** Opening Source records block **

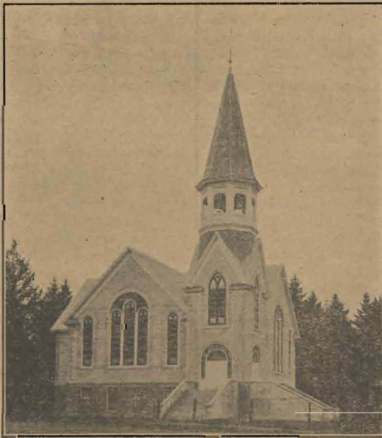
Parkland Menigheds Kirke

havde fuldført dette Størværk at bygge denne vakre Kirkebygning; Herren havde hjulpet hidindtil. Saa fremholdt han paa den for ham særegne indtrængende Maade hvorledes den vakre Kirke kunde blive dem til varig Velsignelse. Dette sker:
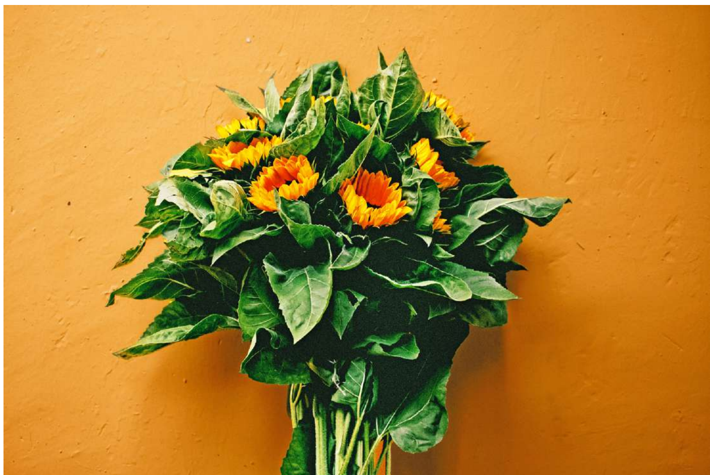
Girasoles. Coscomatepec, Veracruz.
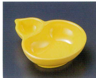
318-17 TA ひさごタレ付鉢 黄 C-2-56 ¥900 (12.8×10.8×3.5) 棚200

** Closing Source records block **
** Opening Source records block **

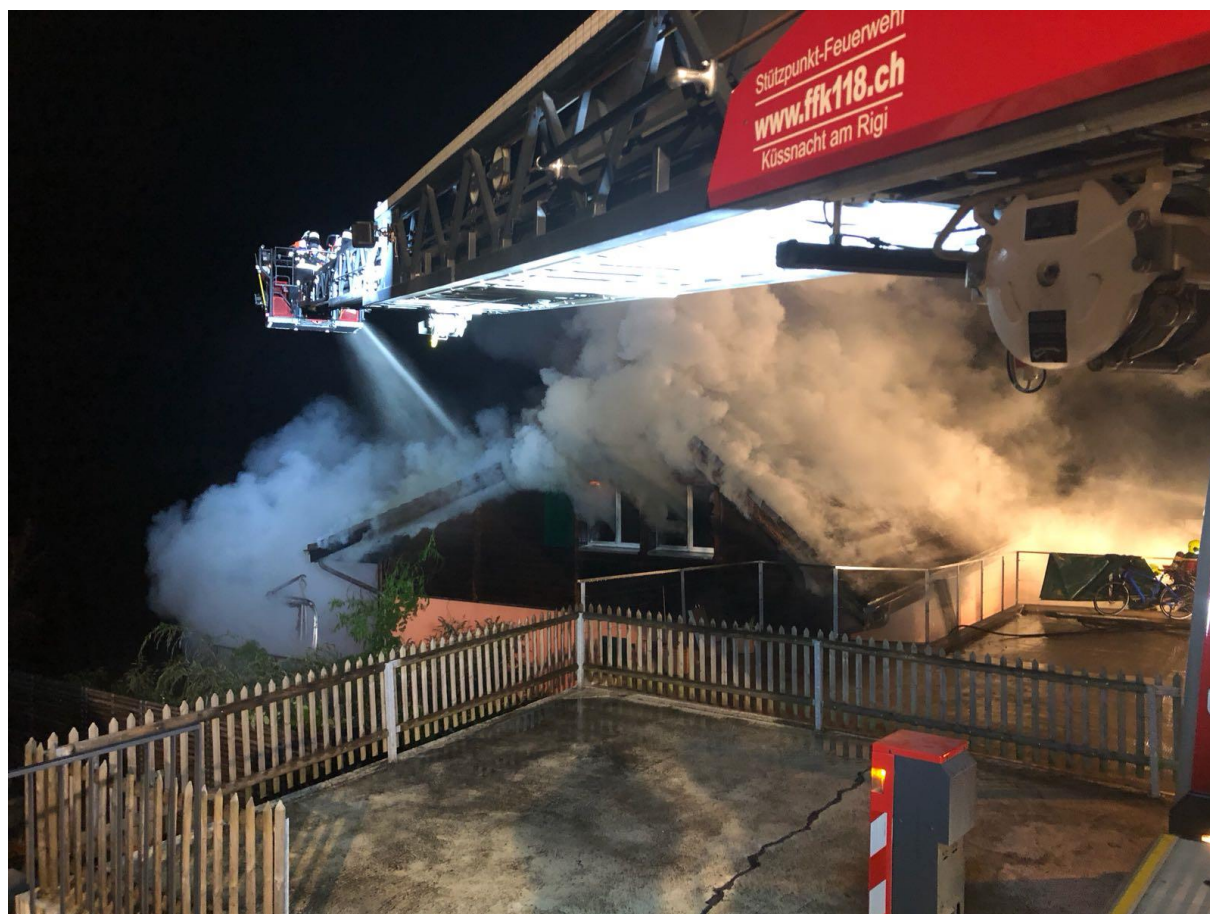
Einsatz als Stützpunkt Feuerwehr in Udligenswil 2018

** Closing Source records block **
** Opening Source records block **

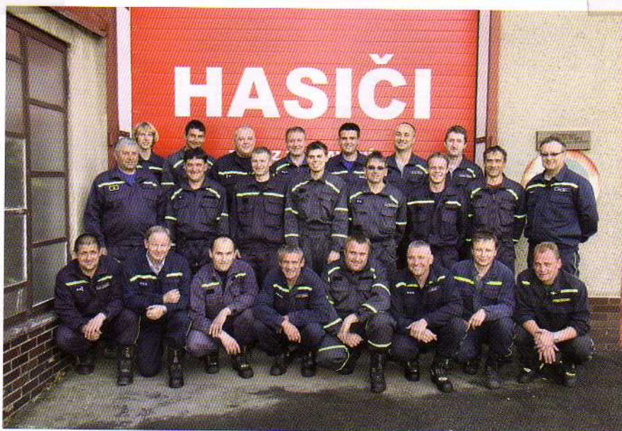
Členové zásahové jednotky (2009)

** Closing Source records block **

__Exercise prompt__: Look above for the line with "Parkland Menigheds Kirke" and the line with "318-17 TA ひさごタレ付鉢", then restate exactly those two lines and all lines between them, with no pictures.

__Response to this exercise__:
Parkland Menigheds Kirke

havde fuldført dette Størværk at bygge denne vakre Kirkebygning; Herren havde hjulpet hidindtil. Saa fremholdt han paa den for ham særegne indtrængende Maade hvorledes den vakre Kirke kunde blive dem til varig Velsignelse. Dette sker:
Girasoles. Coscomatepec, Veracruz.
318-17 TA ひさごタレ付鉢 黄 C-2-56 ¥900 (12.8×10.8×3.5) 棚200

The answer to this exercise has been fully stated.